- Directed by: Porter Farrell
- Written by: Porter Farrell
- Produced by: Adam Dietrich Suzanne Weinert
- Starring: Madelyn Deutch; Quinn Shephard; Nick Krause; Adam Hicks; Peyton Clark; Ian Colletti; Barry Corbin; Stelio Savante;
- Cinematography: Josh Pickering
- Edited by: Matt Brundige Mark Hovland
- Music by: Andy R. Jordan
- Production company: Turnpike Pictures
- Release date: March 22, 2015 (Garden State Film Festival);
- Running time: 97 minutes
- Country: United States
- Language: English

= Windsor (film) =

Windsor is a 2015 American independent drama film written, directed and produced by Porter Farrell and starring Madelyn Deutch, Quinn Shephard, Nick Krause, Adam Hicks, Peyton Clark, Ian Colletti and Barry Corbin.
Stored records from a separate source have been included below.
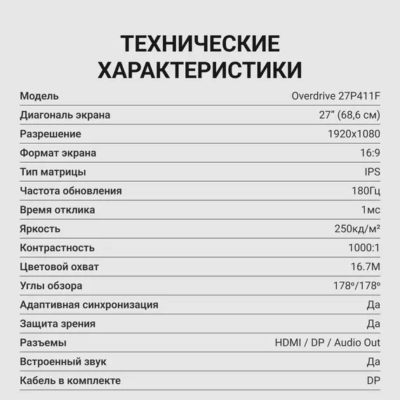 | Комплектация | кабель DP, инструкция пользователя, гарантийный талон |
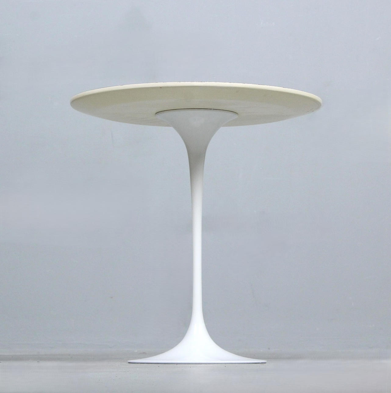 Eero Saarinen (1910—1961) for Knoll International, coffee table/side table 'Tulip', cast aluminum base, white laminated round table top, inscribed below,
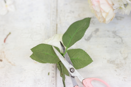 切り取った花や葉はワイヤリングしておきます。
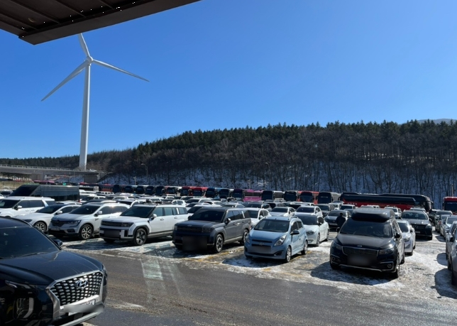 대관령 양떼목장의 주차장은 대관령마을휴게소에 위치하고 있습니다. 주차장이 넓긴 하지만, 주말에는 등산객들도 많이 이용하므로 11시 전에 방문하는 것이 좋습니다.
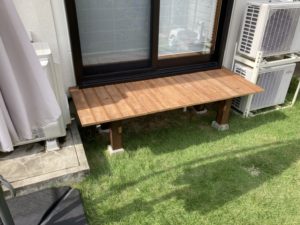 既存の濡れ縁が腐ったため、ご相談頂き、二度と腐らないウリンでリニューアルです。

The film is Farrell's directorial debut.

==Plot==
In their last year of high school, six best friends prepare to leave their small, struggling hometown, a place caught in the slow, fine-grinding wheels of American big business that seem to leave no side doors.

Maisie, whose father is about to be released from prison, decides she can't leave the town where she has been embraced so lovingly since the dark day when her father nearly killed the man whose company foreclosed on their family farm. The town's patriarch, Gil Denton, a no nonsense, wealthy landowner dying from cancer, loves these six kids, and in his remaining time with them he serves as a sounding board, dependable guide, and sympathetic friend - while providing them a wistful link to a past they will never know.

Set in current time, the story shows that small town values are worth saving and that the mouse does indeed occasionally roar.

==Cast==
- Madelyn Deutch as Maisie
- Quinn Shephard as Kat
- Nick Krause as Lawton
- Adam Hicks as Clint
- Peyton Clark as Itchy
- Ian Colletti as Jesse
- Barry Corbin as Gil Denton
- Mackenzie Astin as Harry Barnett
- Stelio Savante as Pierre Gandy
- Emily Warfield as Carolyn Barnett
- Sonny Carl Davis as Kline
- Richard Jackson as Tommy
- Libby Villari as Louise
- Rodger Boyce as Parole Board Chairman
- Greg Williams as Radio DJ

==Production==
Farrell had written the part of Gil Denton specifically for Corbin to portray. Early in development, Jake T. Austin was attached to the project. The film was shot in Gainesville, Texas.

==Awards==
The film won Best Narrative Feature at the Garden State Film Festival in New Jersey.